ぼくは思わず、開いた口を手で押さえた。失言してしまった、と思ったのがバレたのか、苺花ちゃんは気を遣うように笑った。
「そんなに気にしなくていいですよ。母子家庭であること話したときによく、『嫌なこと聞いてごめんね』って言われるんですけど、勝手に母子家庭を嫌なこと扱いされる方が不快なんですよね」
「そうなんだ」
また悪いことをしてしまった、という顔をしそうになったが、悪循環だと気付すぐに表情を変えた。
「私が小学四年生のときに両親が離婚したんです。私は母に引き取られました」
事実を語っているだけ。そんな様子の苺花ちゃんをまじまじと見る。
「一人でここまで育ててくれて、私、お母さんには本当に感謝しているんです」
「いいお母さんなんだね」
「そうなんです」
パァッと明るい笑顔を見せる苺花ちゃん。ぼくは母子家庭という言葉に対するマイナスの先入観を、頭の中ですぐにかき消した。
両親がいるから幸せだ。片親だから不幸だ。そんなことはない。両親がいても不幸な人はいるし、片親でも幸せな人はいる。母子家庭という名前だけで人を幸せかどうか決めつけることはいけないことだ。そう改めて感じさせられる。
「お母さんに話は聞いたの? どうやって家を出てきたかとか」
「はい、もちろんです。でもお母さんその日、ちょうど出張で家にいなくて……。結局私がどうして家を出てここまで来たのか、何もわからないんです」
苺花ちゃんは苦笑いした。まるで、何を探しているか自分でもわかっていないぼくを鏡で見ているみたいで、胸が苦しくなった。

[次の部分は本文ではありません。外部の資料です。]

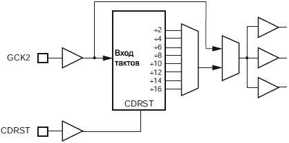 - Быстрое программирование в системе ISP (in system programming). Интерфейс 1.8V ISP реализован на основе IEEE 1532 (JTAG). - Переконфигурирование на лету (On-The-Fly Reconfiguration, OTF). - Тестирование схем по стандарту IEEE1149.1 JTAG Boundary Scan. - Опция включения триггера Шмитта на входе (для каждого вывода ножки порта). - Во всех устройствах имеется несколько банков ввода/вывода (I/O banks). - Непревзойденные параметры эффективности по низкому потреблению энергии (внешний сигнал управления DataGATE). - Гибкие режимы тактирования: · Опция тактирования триггеров по обоим перепадам (DualEDGE). · Делитель тактовой частоты (на 2, 4, 6, 8, 10, 12, 14, 16). · Технология CoolCLOCK. - Опции глобального сигнала с управлением макрочейкой. · Несколько глобальных сигналов тактов на макроячейку с выбором фазы. · Несколько глобальных сигналов разрешения выхода. · Сигналы глобальной установки/сброса. - Обилие тактов для блоков p-term, сигналов разрешения выходов и сигналов установки/сброса. - Эффективное управление тактами термов, сигналами разрешения выхода и установки сброса для каждой макроячейки, и общими между функциональными блоками. - Продвинутая защита прошивки. - Опция выхода с открытым коллектором для монтажного ИЛИ и управления светодиодами. - Опции выбора на ножках I/O функций удержания шины (bus-hold), сигнала с тремя состояниями или слабой верхней подтяжки (weak pullup). - Опция конфигурирования подключения к земле не используемых ножек I/O. - Можно использовать смешанные напряжения I/O, совместимые с уровнями логики 1.5V, 1.8V, 2.5V и 3.3V для всех устройств. - SSTL2_1, SSTL3_1 и HSTL_1 на устройствах с емкостью от 128 макроячеек и выше. - Поддержка горячего подключения.

ぼくの不思議な点は、どうして頭を地面に打ち付けていたのか。
苺花ちゃんの不思議な点は、どうして岡山県に住んでいるのに、兵庫県にあるマンションの下で事故に遭ったのか。
ぼくらの肝心なことの糸口は全くつかめそうにない。
ぼくはうーんと考えながら、一つのことを思いついた。
「そうだ! ぼくが先に退院したら、苺花ちゃんが事故に遭ったマンションの写真を撮って、ここに見せに来るよ。そしたら、苺花ちゃん、何か思い出せるかもしれない。ぼくもどうして苺花ちゃんがここにいるのか気になるし」
苺花ちゃんに笑ってみせる。我ながらいい提案ではないだろうか。外に出て行けない苺花ちゃんの代わりに、ぼくが苺花ちゃんの記憶を拾いに行く。
苺花ちゃんの記憶が、すうっと戻ってくるのを想像すると胸が躍った。自分が何かの役に立てるのかと思うと、足がうずく。

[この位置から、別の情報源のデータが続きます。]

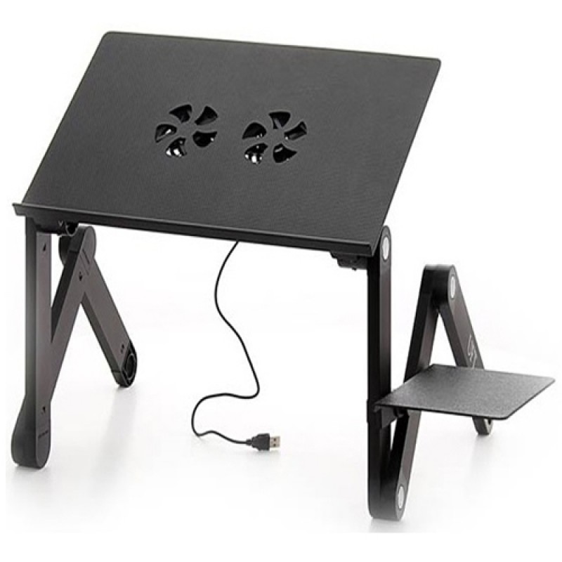 Его также можно использовать как столик для завтрака, для рисования и письма. Характеристики: Подходит ноутбук: 14' 15' 16' 17' 18' 19' Охлаждение: Активное Вентиляторы: 2 USB хаб: - Питание: от порта USB Материал Столешница/ножки: Сплав алюминия Шарниры: ABC-пластик Размеры: В сложенном виде (ШхВхГ): 490 х 280 х 50 мм Столешница (ШхВ): 420 х 280 мм Рабочая поверхность (ШхВ): 420 х 275 мм Подставка под мышку: 155 х 165 мм Предельная высота: 480 мм Длина одной секции ножки: 220 мм Дополнительные характеристики: Вес: 1,7 кг Максимальная нагрузка: 15 кг Цвет: Черный Поверхность: Матовая Особенности: Подставка для мышки фиксируется на любой высоте на ножке столика как слева, так и справа Предельный угол наклона столешницы: 360° Пластиковые упоры для того что бы ноутбук не падал, двигаются по всей ширине столешницы Комплектация: Столик для ноутбука, подставка под мышку, открытый передний упор с передвижными фиксаторами ноутбука, USB кабель питания

「いいですよ、そんな。退院してまで病院に来させるなんてできません」
「いいんだよ。どうせ通院することになると思うし、ついでだよついで」
押し切るぼくに、苺花ちゃんは渋々納得してくれた。それならよろしくおねがいしますと頭を下げられる。
苺花ちゃんにマンションの住所を教えてもらい、スマホでメモをとった。ぼくのスマホのメモアプリがたくさんの文字で埋めつくされていく。

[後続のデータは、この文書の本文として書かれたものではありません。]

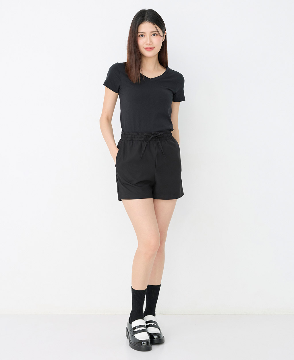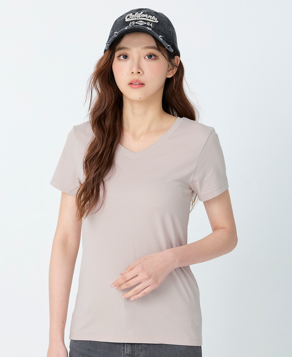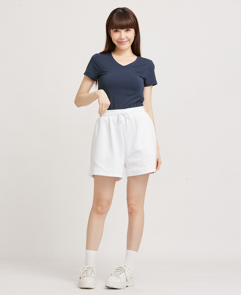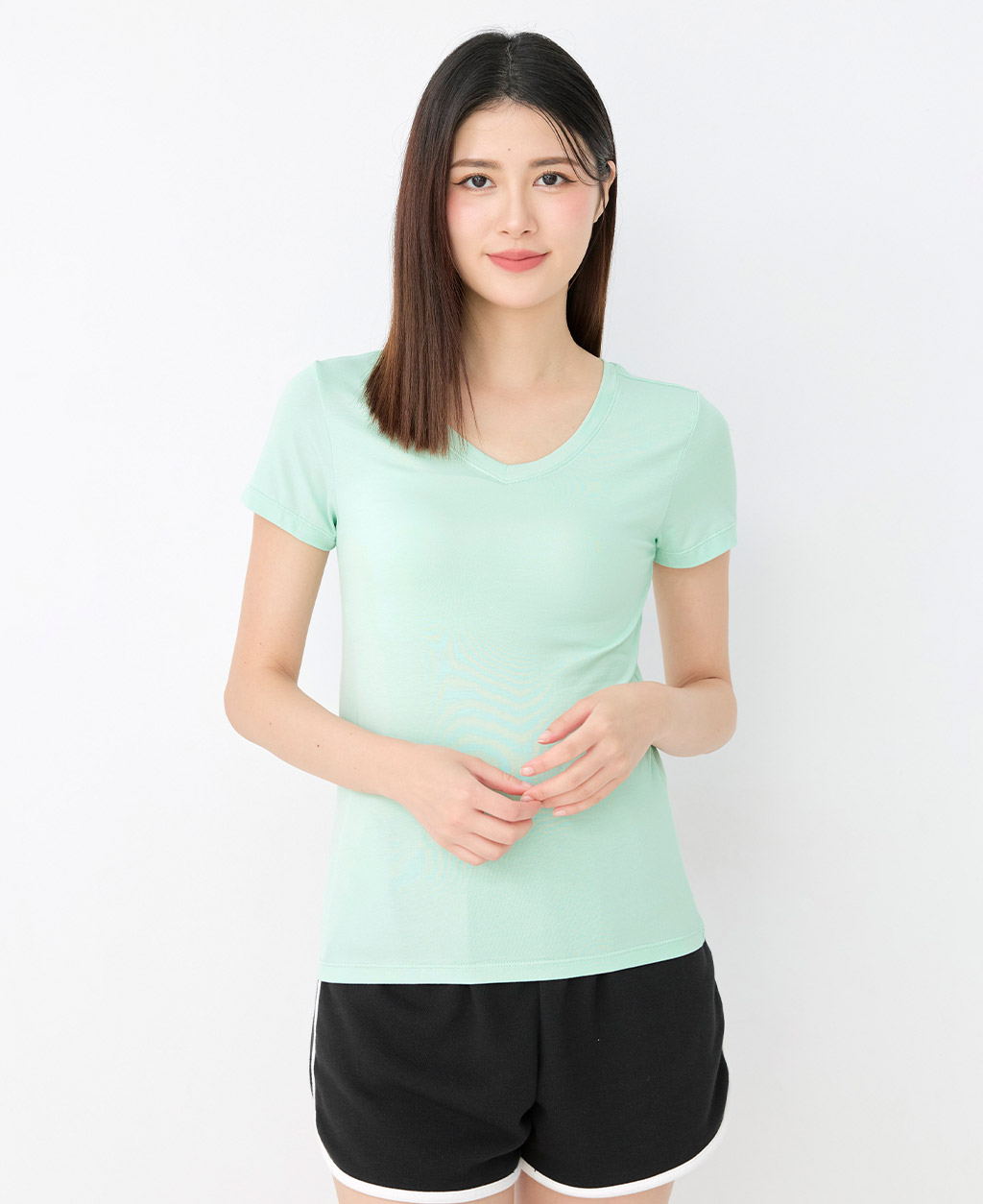 素面棉彈V領T恤

スマホの右上に表示されている時刻を見ると、二十一時前だったので部屋に戻ろうと椅子から飛び降りた。
「じゃあまた明日」
ベッドの上に座っている苺花ちゃんに手を振る。
「はい。おやすみなさい」
小さくうなずく苺花ちゃん。
ぼくはスキップしながら自分の部屋に戻り、日課になりつつある読書をしてから眠りについた。